* [Instructions to follow]: Find the line below with "At FÍS, we are" and the line with "(서울=포커스뉴스) 28일 오전". Output exactly those lines and everything between them, leaving out the pictures.

* [Available data]:
________________________________________
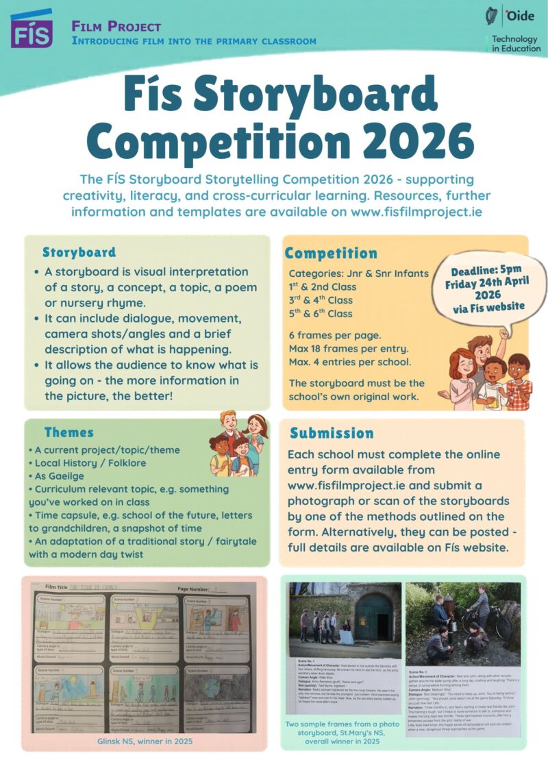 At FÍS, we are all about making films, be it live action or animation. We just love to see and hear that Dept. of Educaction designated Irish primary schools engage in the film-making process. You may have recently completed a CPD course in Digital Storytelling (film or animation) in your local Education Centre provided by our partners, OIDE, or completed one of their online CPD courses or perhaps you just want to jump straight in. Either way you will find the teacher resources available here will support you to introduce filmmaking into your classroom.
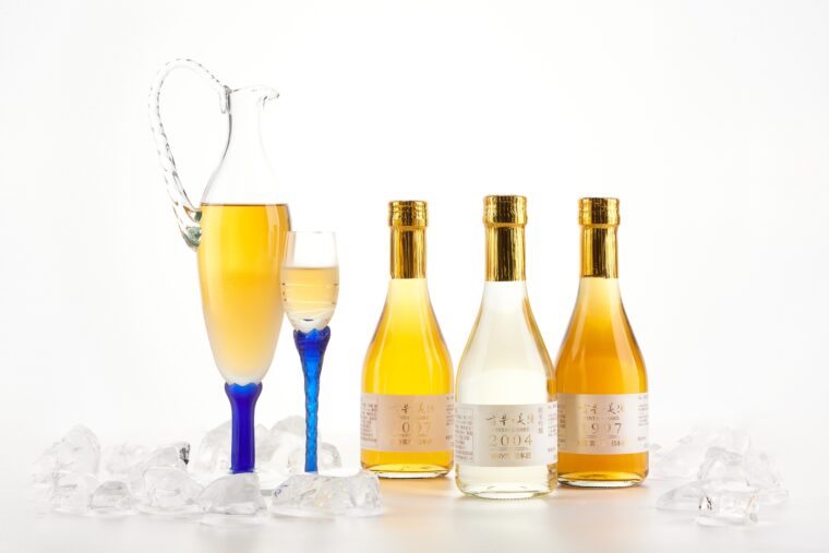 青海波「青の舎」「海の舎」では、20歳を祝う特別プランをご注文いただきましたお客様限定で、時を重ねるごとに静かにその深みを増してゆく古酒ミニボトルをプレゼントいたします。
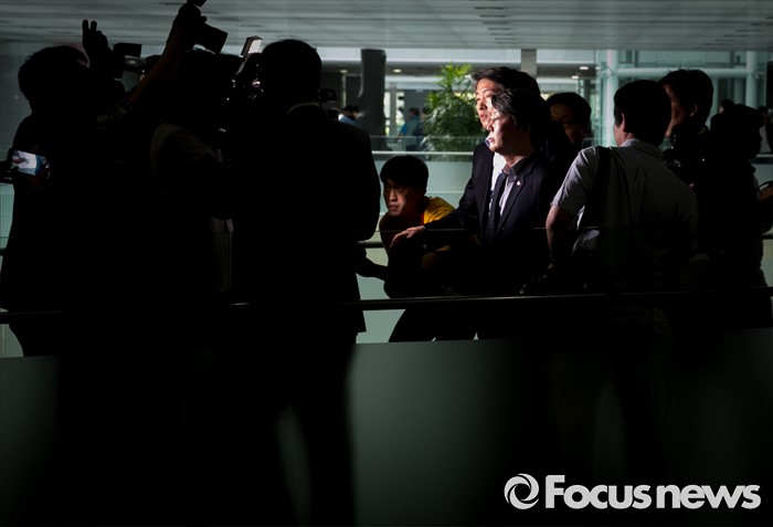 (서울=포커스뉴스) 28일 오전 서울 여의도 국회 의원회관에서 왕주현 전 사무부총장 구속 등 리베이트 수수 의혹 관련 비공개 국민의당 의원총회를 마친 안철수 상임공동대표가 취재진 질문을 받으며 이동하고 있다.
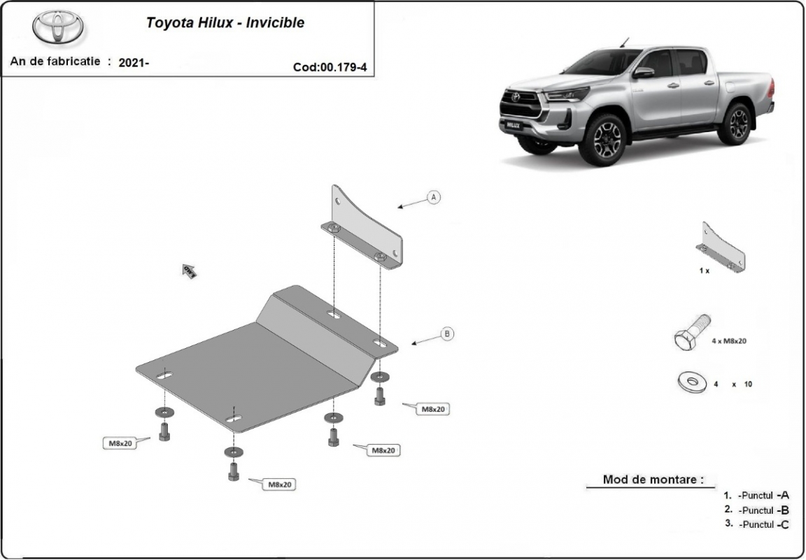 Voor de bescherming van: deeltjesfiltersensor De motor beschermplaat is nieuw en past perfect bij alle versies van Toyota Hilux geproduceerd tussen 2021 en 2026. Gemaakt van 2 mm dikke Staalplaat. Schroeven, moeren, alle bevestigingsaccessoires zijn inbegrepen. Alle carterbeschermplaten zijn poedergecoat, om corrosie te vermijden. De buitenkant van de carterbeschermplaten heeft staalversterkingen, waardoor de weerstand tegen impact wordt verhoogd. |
________________________________________
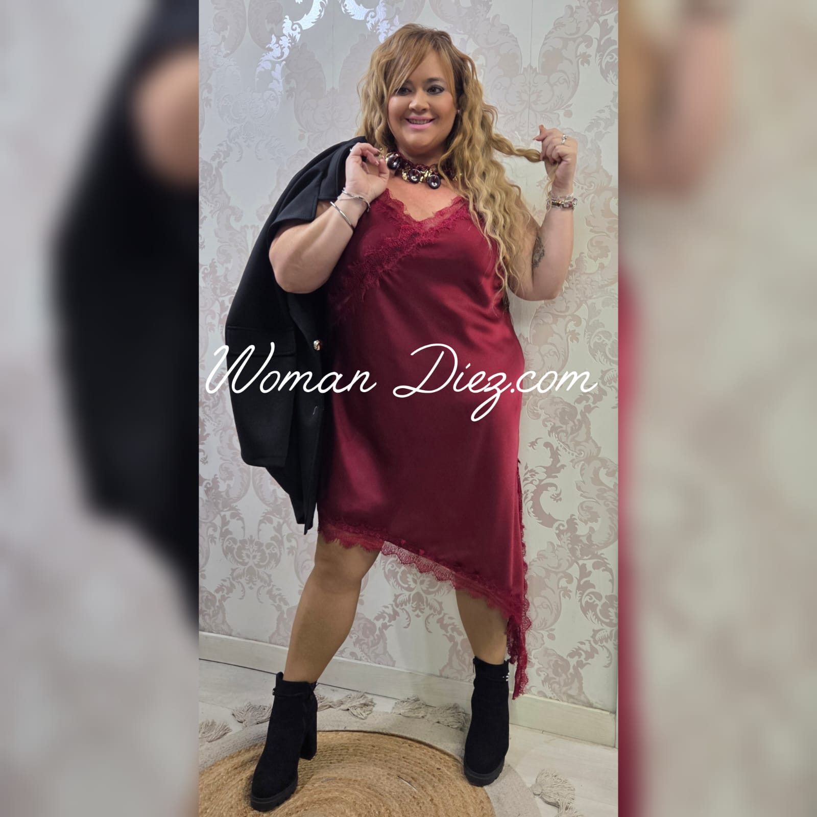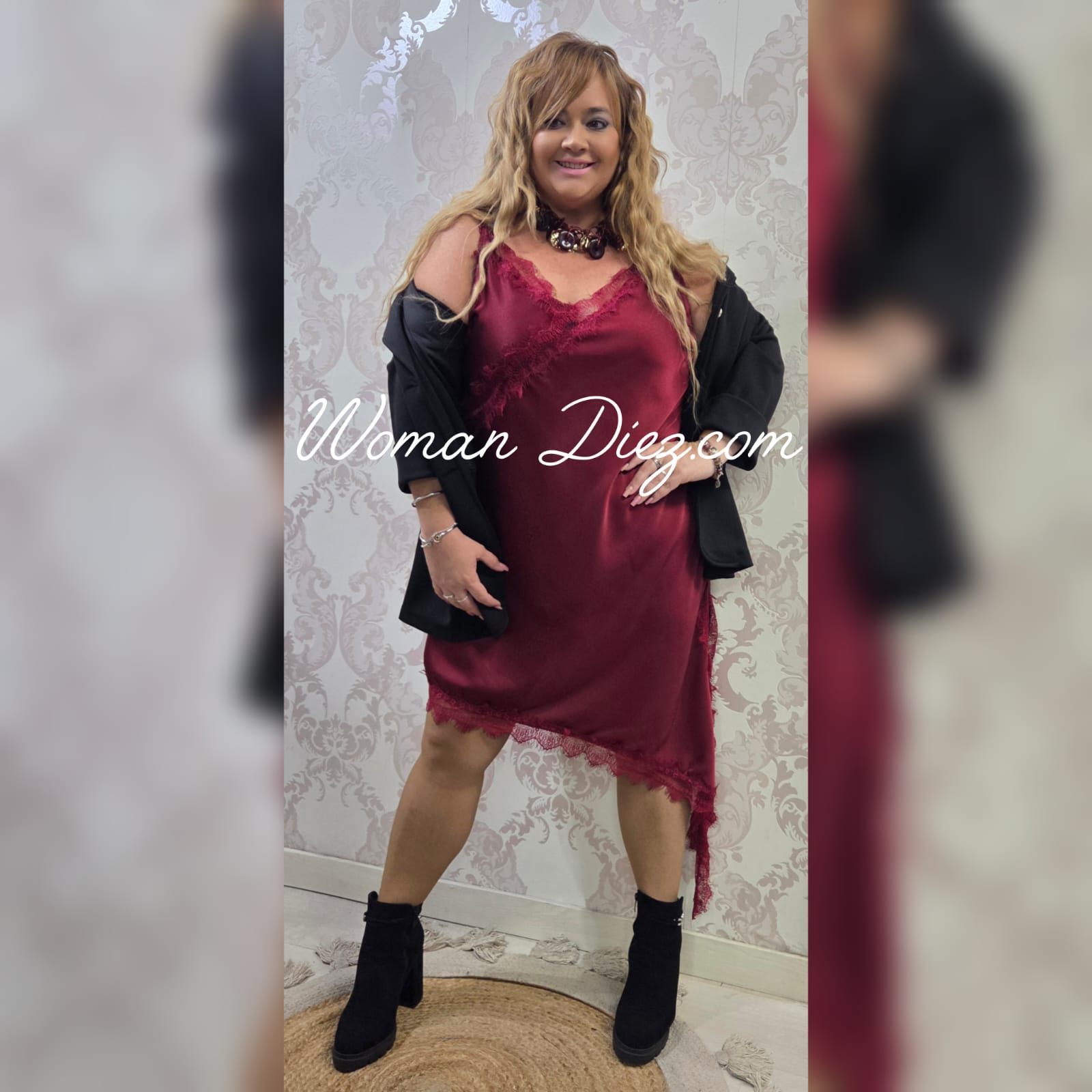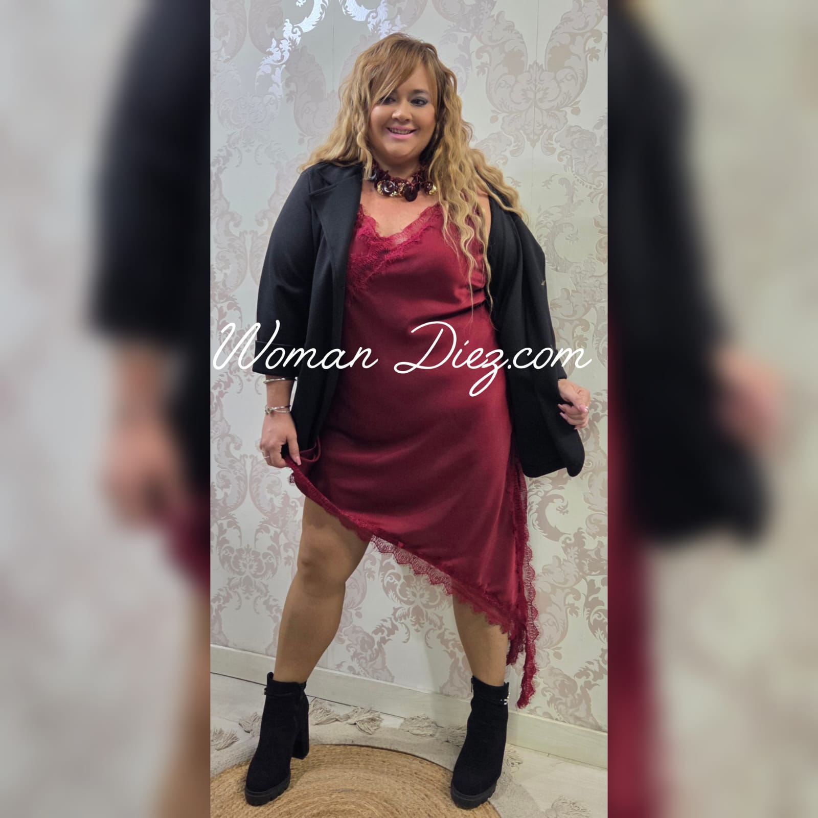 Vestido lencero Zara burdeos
________________________________________
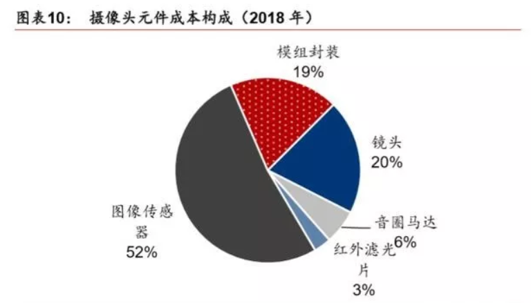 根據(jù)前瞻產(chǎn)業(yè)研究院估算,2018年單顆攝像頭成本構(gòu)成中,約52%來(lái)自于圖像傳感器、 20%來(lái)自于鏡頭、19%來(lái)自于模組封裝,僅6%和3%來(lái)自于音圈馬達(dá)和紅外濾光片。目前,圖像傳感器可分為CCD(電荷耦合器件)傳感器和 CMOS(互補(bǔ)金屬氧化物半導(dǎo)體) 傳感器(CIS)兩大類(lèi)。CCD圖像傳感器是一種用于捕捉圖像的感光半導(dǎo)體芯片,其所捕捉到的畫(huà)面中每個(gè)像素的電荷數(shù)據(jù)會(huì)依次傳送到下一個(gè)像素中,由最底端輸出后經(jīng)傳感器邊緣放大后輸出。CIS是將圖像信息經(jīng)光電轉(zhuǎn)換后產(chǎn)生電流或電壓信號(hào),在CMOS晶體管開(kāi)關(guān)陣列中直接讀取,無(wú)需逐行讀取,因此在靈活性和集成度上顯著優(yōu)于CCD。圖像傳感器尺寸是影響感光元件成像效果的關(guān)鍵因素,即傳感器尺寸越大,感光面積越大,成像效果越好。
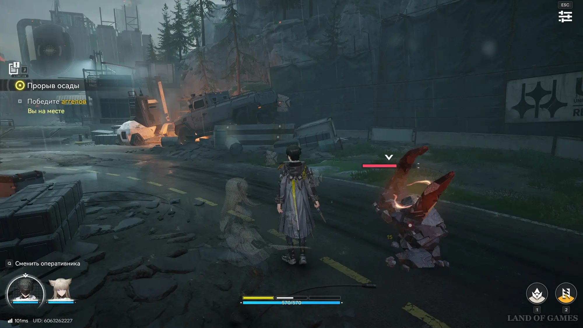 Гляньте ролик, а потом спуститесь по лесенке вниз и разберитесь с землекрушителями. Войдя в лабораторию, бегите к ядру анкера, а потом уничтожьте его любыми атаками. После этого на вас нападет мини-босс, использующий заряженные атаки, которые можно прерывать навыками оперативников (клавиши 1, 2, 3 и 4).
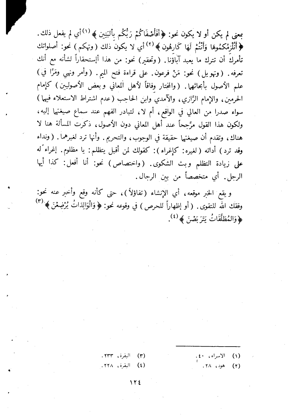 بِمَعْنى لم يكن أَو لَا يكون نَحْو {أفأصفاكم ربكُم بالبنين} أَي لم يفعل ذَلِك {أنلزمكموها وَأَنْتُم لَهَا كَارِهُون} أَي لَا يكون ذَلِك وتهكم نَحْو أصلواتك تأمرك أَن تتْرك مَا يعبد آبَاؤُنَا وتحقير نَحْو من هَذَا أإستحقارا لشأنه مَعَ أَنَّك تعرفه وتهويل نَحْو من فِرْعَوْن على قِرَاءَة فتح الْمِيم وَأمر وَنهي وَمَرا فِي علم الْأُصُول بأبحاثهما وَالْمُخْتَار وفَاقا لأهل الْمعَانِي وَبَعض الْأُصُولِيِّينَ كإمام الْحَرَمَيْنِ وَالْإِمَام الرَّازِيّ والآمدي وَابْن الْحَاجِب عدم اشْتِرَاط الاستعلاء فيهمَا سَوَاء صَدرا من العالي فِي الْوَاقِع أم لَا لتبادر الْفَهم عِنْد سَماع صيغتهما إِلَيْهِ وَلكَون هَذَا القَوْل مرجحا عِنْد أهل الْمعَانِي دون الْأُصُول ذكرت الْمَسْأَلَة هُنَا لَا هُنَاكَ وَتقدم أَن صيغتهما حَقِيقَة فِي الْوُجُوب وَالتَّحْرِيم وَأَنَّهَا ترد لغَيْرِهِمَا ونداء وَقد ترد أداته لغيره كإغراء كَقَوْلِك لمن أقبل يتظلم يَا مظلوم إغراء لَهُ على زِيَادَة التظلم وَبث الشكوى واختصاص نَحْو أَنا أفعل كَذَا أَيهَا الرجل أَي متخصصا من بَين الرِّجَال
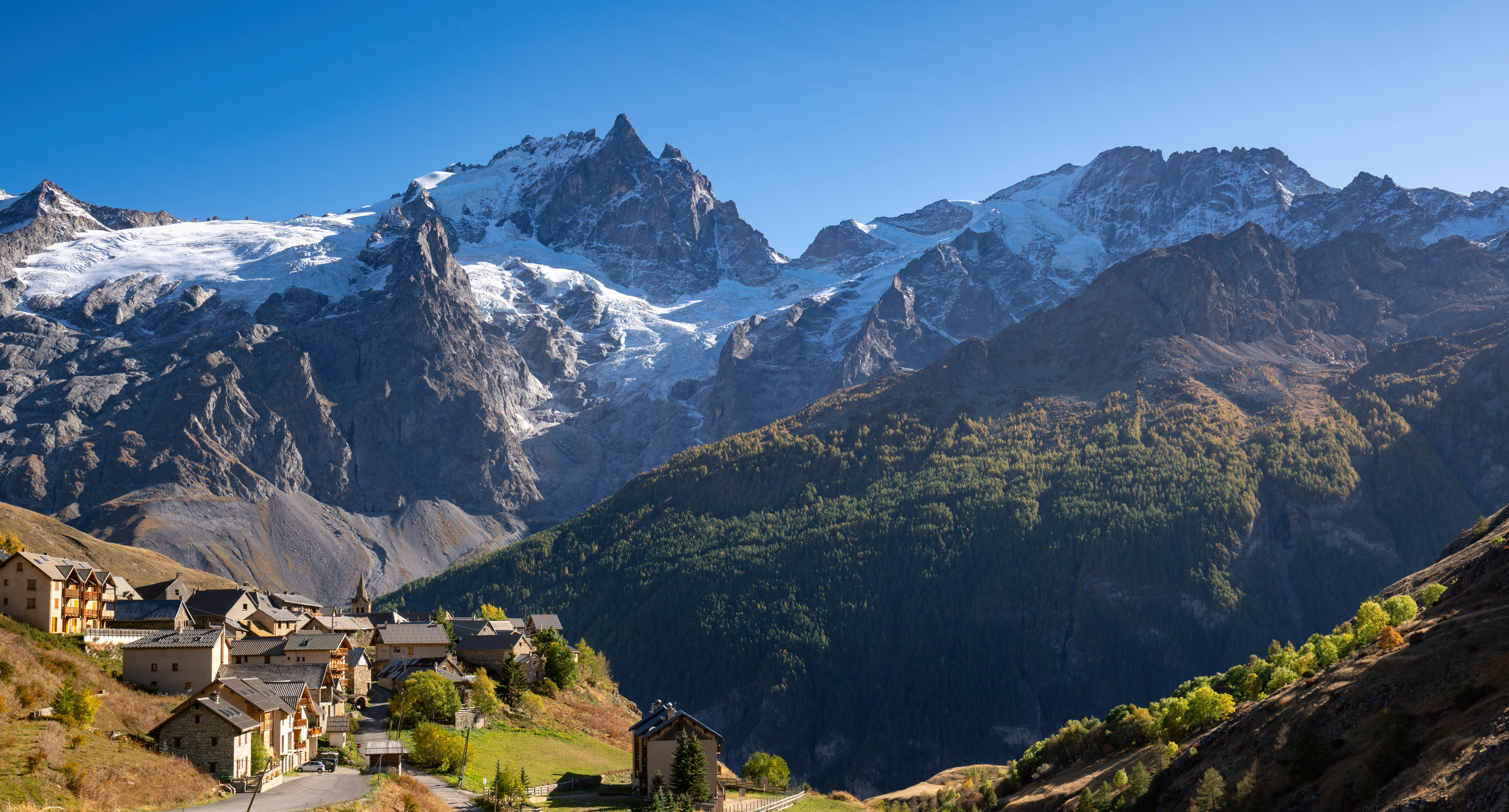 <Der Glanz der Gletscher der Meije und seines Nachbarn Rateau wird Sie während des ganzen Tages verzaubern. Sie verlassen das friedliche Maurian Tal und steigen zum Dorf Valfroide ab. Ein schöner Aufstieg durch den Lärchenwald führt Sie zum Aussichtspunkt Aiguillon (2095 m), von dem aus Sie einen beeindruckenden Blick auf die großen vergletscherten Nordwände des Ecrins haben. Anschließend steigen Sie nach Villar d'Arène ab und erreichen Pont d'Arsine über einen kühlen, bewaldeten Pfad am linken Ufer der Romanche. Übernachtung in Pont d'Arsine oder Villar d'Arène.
________________________________________
* [Response to this task]:
 At FÍS, we are all about making films, be it live action or animation. We just love to see and hear that Dept. of Educaction designated Irish primary schools engage in the film-making process. You may have recently completed a CPD course in Digital Storytelling (film or animation) in your local Education Centre provided by our partners, OIDE, or completed one of their online CPD courses or perhaps you just want to jump straight in. Either way you will find the teacher resources available here will support you to introduce filmmaking into your classroom.
 青海波「青の舎」「海の舎」では、20歳を祝う特別プランをご注文いただきましたお客様限定で、時を重ねるごとに静かにその深みを増してゆく古酒ミニボトルをプレゼントいたします。
 (서울=포커스뉴스) 28일 오전 서울 여의도 국회 의원회관에서 왕주현 전 사무부총장 구속 등 리베이트 수수 의혹 관련 비공개 국민의당 의원총회를 마친 안철수 상임공동대표가 취재진 질문을 받으며 이동하고 있다.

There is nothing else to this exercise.